Now days it's usually free to set up a home server. The ISP's rarely, if ever, change the IP anymore. Especially the cable providers. Even if they do change it isn't that often. Therefore you have the equivalent of a static IP. If you have a domain name you can point your domain to your IP. If not, use your IP in the URL. You can check your router for your IP or use canyouseeme.org/ to find it and see if port 80 is blocked. You can then use something like www.wampserver.com/en/ to set up Apache and run Run Basic behind it. Or set Run Basic Preferences "Serve on port:" to port 80 and use Run Basic as the server.
My server runs on a netbook for a couple of reasons: 1. They use very little electricity. Typically a tower PC can run about $20 to $25 a month in electrical cost where a netbook will be about $2 to $4. 2. It has a built in battery for backup. My netbook will run for about 4 hours without electric power.
I thought someone might have a web site that says "Hellow World "and I could use a free web site host to set that up in... run basic...
and access it from different computuers.
You can set Run Basic Preferences "Home Page project name:" to run your home page.
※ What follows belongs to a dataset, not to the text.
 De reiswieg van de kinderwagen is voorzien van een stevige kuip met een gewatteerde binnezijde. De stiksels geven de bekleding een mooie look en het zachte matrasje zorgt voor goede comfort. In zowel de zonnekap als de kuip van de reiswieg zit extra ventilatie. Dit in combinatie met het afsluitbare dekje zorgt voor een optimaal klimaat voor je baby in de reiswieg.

Usually you have a web page here that gives the user various options you want to run. For example: 1. Hello World. 2. Please Sign in. 3. Web Search
Or maybe a web site that does searches with the httpget command.
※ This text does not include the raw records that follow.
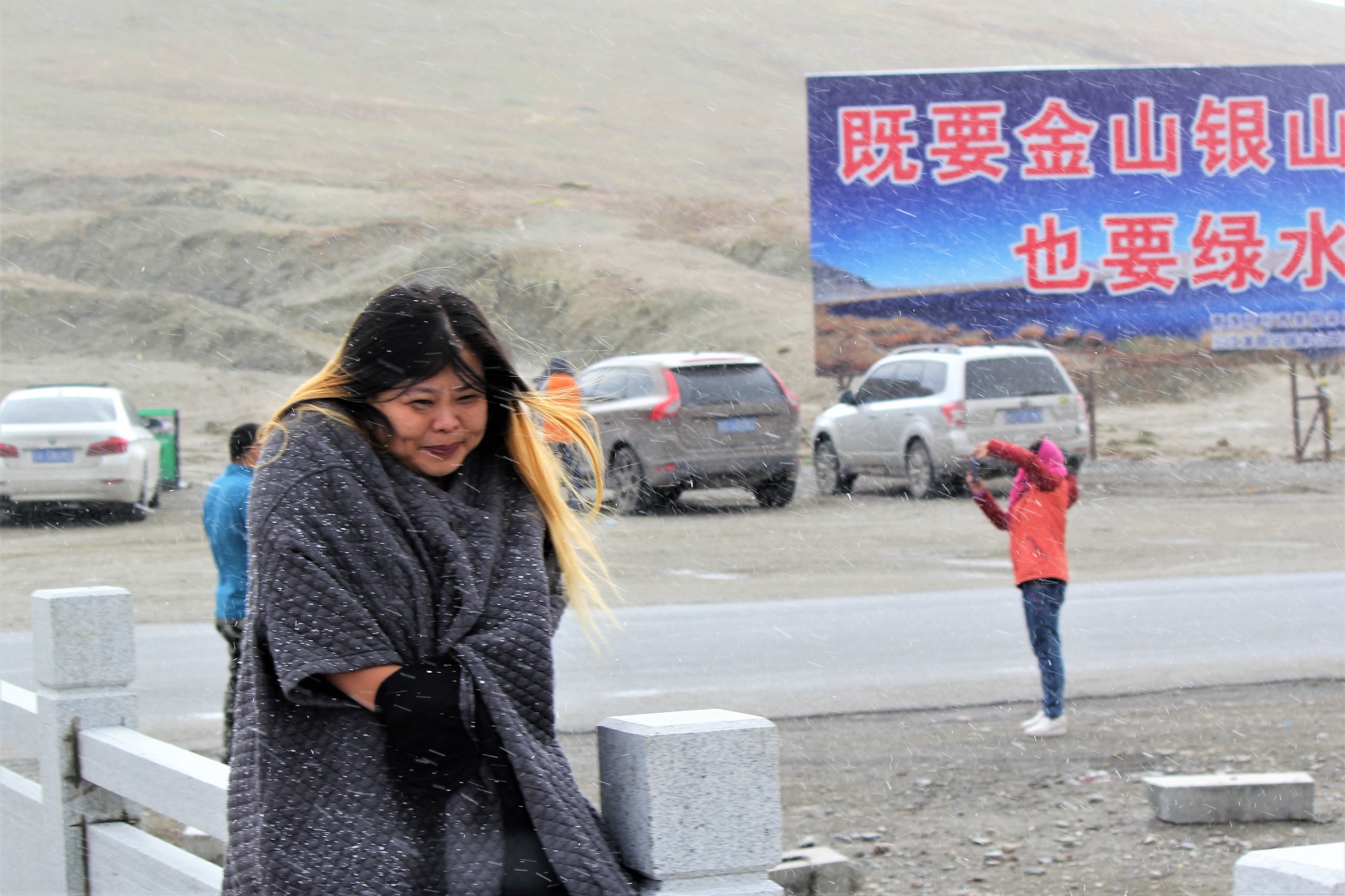 8月的昆仑山垭口风雪交加,气温在零度左右,太太冻得瑟瑟发抖。
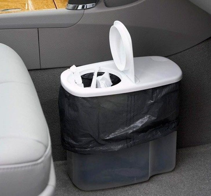 В путешествии с детьми вам не избежать появления кучи фантиков, крошек и бумажек, так что походная мусорка — настоящая находка для тех, кто в дороге. Чтобы не заморачиваться с пакетами, возьмите обычный кухонный контейнер с крышкой, который обычно используют для макарон, поместите в него пакет, и — вуаля — мусорка с крышкой готова.
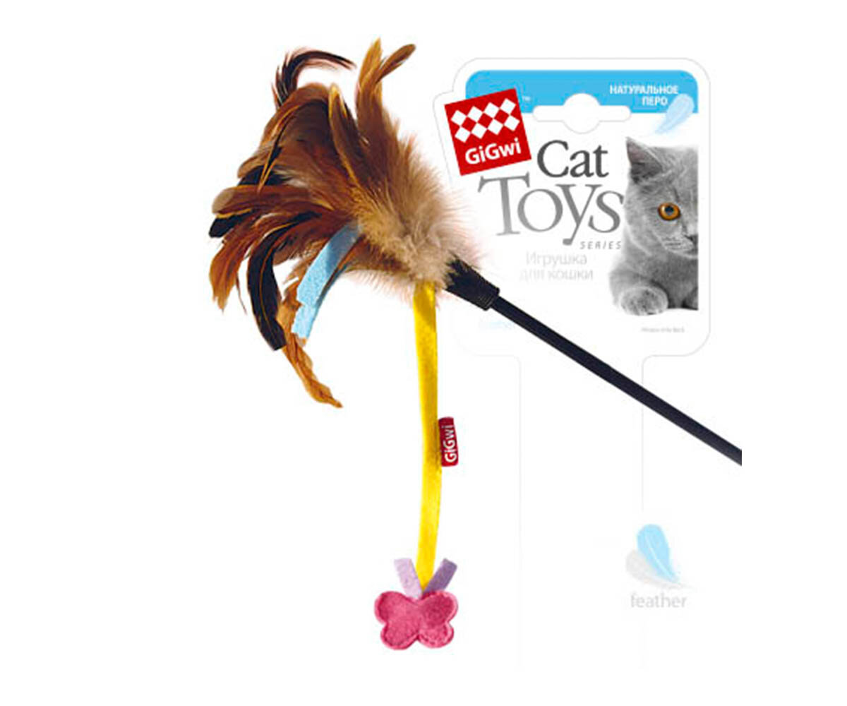 GiGwi Игрушка для кошек Дразнилка с бабочкой и перьями

Your web search option may ask them for a search and you could use one of the existing browsers to interface your search. See: rosettacode.org/wiki/Yahoo!_search_interface#Run_BASIC
Some web sites require an email and they send you a link and you click on that link to make your account active.... Does anyone have that code?
I run several applications from home. Most require a Login. This is maintained with SQLite. The Managers can set up accounts and determine their access levels. Each person gets a personal menu. When they sign in, only information they have access to shows up in their menu.
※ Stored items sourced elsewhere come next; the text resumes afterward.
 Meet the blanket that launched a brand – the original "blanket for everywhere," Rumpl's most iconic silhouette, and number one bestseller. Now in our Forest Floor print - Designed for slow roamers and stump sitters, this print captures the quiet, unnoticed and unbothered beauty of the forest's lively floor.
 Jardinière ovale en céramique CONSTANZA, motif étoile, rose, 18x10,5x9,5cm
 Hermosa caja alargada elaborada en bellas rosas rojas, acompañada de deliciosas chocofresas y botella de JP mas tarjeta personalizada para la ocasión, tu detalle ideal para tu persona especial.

Ok By the numbers: 1. Lets assume you have a domain name. If not, they are usually around $10 / year. Godaddy usually has decent prices. www.godaddy.com/ Since most domains are already owned, you may have to enter several names before you find a open one.
2. Your server usually listens for port 80. Some ISP's don't like you to set up servers, because they tend to be more active on the web. To see if it's blocked go to www.canyouseeme.org/ and check port 80 to see if it's blocked. If you use some other port like 8080 the user will enter the domain as www.myDomain.com:8080
For this discussion we will assume you are using a linksys router and you are using windows, and have Run Basic set to use port 80.
3. Your router assigns a IPv4 Address to each computer it talks to. Normally it's something like 192.168.1.100 To see what was assigned to your pc by your router go to the DOS prompt and type ipconfig. If you are using windows/7 then click the start button and enter cmd.
4. We now know your ip and what number your PC was assigned by the router. We need to tell the router what computer port 80 (the web service) will use so it knows where to send web request. Get into your router. To do that, in the URL type 188.8.131.52 and enter your username/password. Go to the "Accounting & Gaming" tab. This is usually called "Port Forwarding". In the "External Port" and "Internal Port" enter 80. Set the "Protocol" to Both. Now if your router has assigned your PC 192.168.1.100, enter that in the "To IP Address" and check Enabled on.
The web now know when someone enters www.myDomain.com that it should go to the compute assigned to 192.168.1.100.
5. There is still one other problem. How does the web know where to route your domain. This is done where you bought your domain. If you bought it at GoDaddy then sign in to GoDaddy with your account. Set your domain to point to your IP. You can get support from GoDaddy if your not sure how to do this. GoDaddy updates all the routers with your IP address.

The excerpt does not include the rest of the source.